On Fri, Apr 8, 2016 at 8:59 AM, Pjotr Prins <pjotr.public12@thebird.nl> wrote:
> On Tue, Apr 05, 2016 at 02:07:46PM +0100, Magnus Henoch wrote:
>>    Debian has included a patch that lets you use the environment variable
>>    SOURCE_DATE_EPOCH to fix the compile time, and thus obtain identical
>>    output (given the same compiler version and other things):

This is very hacky - it might work by accident but you'd want
stronger guarantees that if you compiled the same file
many times by the same compiler that you'd always get the same
object code file.

As I see things this is crucial to making reproducible builds. Having the
compilation time in the beam file is really bad (I don't remember if I did this,
but if so I apologise) - it should not matter what time you compiled the file.
If you want this information, stick it in a log file, or somewhere else.

If the beam file is uniquely determined by the version of the compiler,
the source and the macro definitons used when it was compiled then
we can use the SHA1 checksum of the beam file as a key, and inject the
code into a distributed hash table - this is the first step to making
a global
revision control system with strong guarantees on version consistency.

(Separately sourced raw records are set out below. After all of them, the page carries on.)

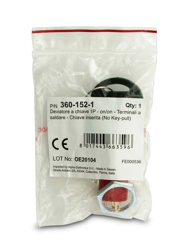 ALPHA ELETTRONICA - Deviatore a chiave 1P - on/on - Terminali a saldare - Chiave inserita (No Key-pull) 360-152-1
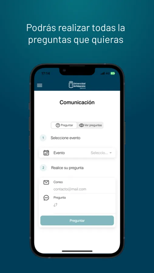 Por último, la aplicación también permite a los usuarios realizar preguntas relacionadas con los eventos y actividades en los que estén interesados. De esta manera, los usuarios pueden obtener la información que necesitan de manera rápida y eficiente, lo que puede contribuir a una mayor participación y satisfacción en la vida universitaria.
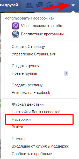 - Зайдіть у свій профіль. На синій панелі, розташованої у верхній частині сторінки, можна побачити маленький значок трикутника (крайній праворуч). Натискаємо на нього.
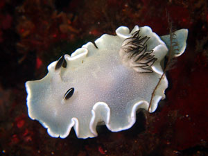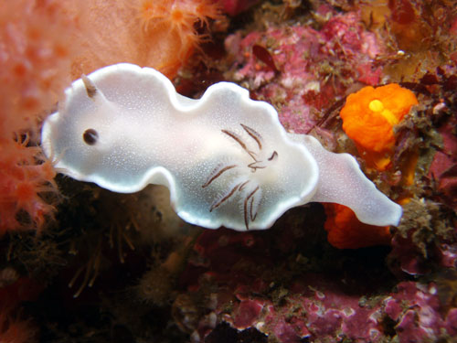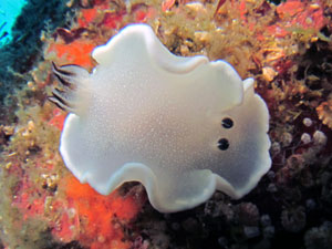 シンプルな色合いだが非常に綺麗なウミウシ。個体数は多い。
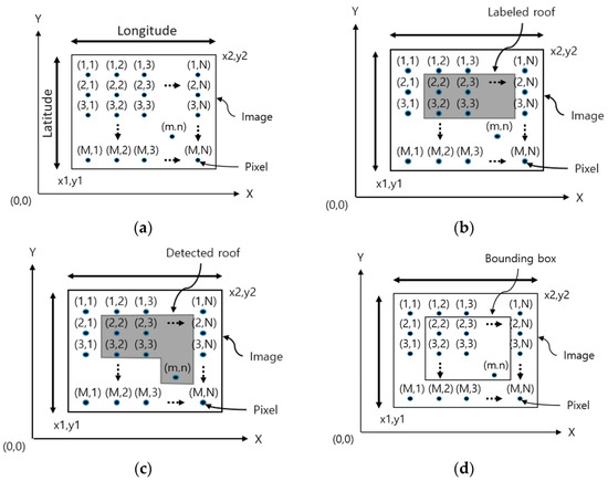 (a) Image matrix used for recognition, (b) ground truth showing labeled pixels, (c) detected roofs inferred by algorithms, and (d) bounding box made by detected pixels.
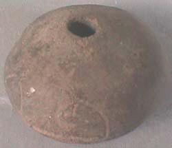 Malacate color negro, pared curvo convergente, agujero en el centro, base plana. Decoración: incisiones alrededor del cuerpo formando arcos.
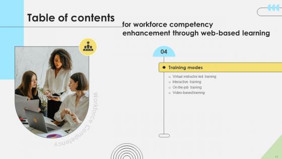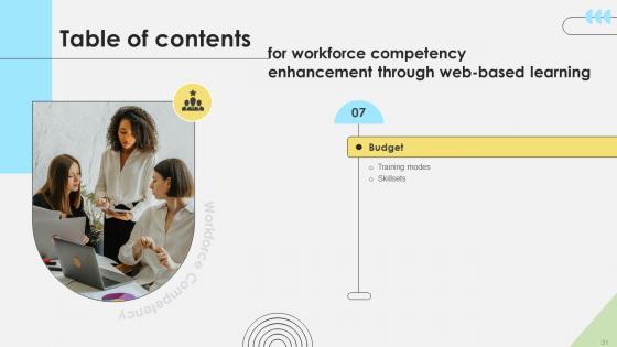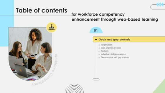 Slidegeeks is one of the best resources for PowerPoint templates. You can download easily and regulate Table Of Contents Workforce Competency Enhancement Through Web Based Learning DTE SS V for your personal presentations from our wonderful collection. A few clicks is all it takes to discover and get the most relevant and appropriate templates. Use our Templates to add a unique zing and appeal to your presentation and meetings. All the slides are easy to edit and you can use them even for advertisement purposes. Our Table Of Contents Workforce Competency Enhancement Through Web Based Learning DTE SS V are topically designed to provide an attractive backdrop to any subject. Use them to look like a presentation pro.
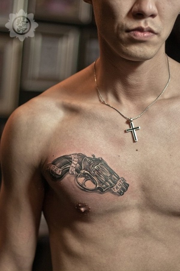 欧美黑灰写实手枪纹身_欧美纹身图案大全_纹身图吧
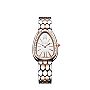 First introduced at Baselworld 2019, the Bvlgari Serpenti Seduttori lends time a precious edge. The elegant stainless steel case is fitted with a diamond-set rose gold bezel, a cabochon-cut pink rubellite decorates the crown. On the white dial, rose gold tone Roman indices mark the hours. A stainless steel and rose gold link bracelet with a folding clasp adds the finishing touch to this Swiss Made quartz watch.
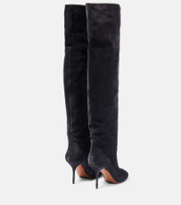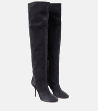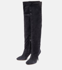The Fluide boots showcase Alaïa’s architecturally informed approach to footwear design. Made from tactile calfskin suede, this style has elongated shafts and 90 mm heels. Product Details - Lining: leather - Closure: zipped fastening - Toe shape: round toe - Upper: calf leather - Sole: leather insole, leather and rubber sole - Designer color name: Carbone - Comes with dust bags - Comes with a box - Made in Italy - Item number: P00771127 Size & Fit - True to size - European sizes - 9,5cm-3.5" heel (size EU 38) - 55cm-21.5" shaft height (size EU 38) - 41,5cm-16.5" shaft width (size EU 38)

I see absolutely no reason for the dozens of different version and
revision control systems that pollute the planet when all that is
needed is a
DHT containing blogs identified by some checksum (like SHA1 or something).

>>    [1]https://bugs.debian.org/cgi-bin/bugreport.cgi?bug=795834
>>
>>    This was briefly discussed on this mailing list:
>>    [2]http://erlang.org/pipermail/erlang-questions/2015-January/082699.html
>
> You may have heard of GNU Guix, the modern (functional) package
> manager of the GNU project. We are trying to add Erlang and Elixir to
> Guix, but we are running into the problem that building the Erlang
> compiler is not deterministic and therefore not reproducible, i.e. the
> beam files contain time stamps.

Great - I've not looked at Guix but I've been following NiX - I've wanted
GitTorrent (= Git + Bit Torrent) so both these seem like a step in the
right direction.

Re the time stamps - you can post-process the beam code to remove
the time stamps, but I'd like stronger guarantees than that.

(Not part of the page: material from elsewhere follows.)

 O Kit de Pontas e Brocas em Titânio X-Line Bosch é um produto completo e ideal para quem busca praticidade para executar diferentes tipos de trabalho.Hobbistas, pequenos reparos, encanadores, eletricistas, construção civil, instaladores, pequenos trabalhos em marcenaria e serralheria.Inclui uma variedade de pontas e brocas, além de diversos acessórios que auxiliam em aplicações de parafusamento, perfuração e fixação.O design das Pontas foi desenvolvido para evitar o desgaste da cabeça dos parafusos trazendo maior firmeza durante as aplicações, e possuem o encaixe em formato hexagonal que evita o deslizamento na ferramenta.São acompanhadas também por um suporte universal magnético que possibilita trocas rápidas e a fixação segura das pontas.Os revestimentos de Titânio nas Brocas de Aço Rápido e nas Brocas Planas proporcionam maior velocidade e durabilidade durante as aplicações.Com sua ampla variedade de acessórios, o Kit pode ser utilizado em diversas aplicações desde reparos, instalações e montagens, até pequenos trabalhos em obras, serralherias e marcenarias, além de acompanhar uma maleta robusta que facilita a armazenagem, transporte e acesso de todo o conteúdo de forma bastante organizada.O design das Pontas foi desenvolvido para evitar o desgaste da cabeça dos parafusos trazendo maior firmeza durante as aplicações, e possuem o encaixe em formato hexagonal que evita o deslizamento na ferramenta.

What would happen if two different implementations of a module
produced the same beam file (I think just rearranging the comments
would achieve this, though I haven't tested this) should this be
allowed?

Personally, I think that the SHA of the source should be included in the
beam file, which will identify the code used to create the beam file.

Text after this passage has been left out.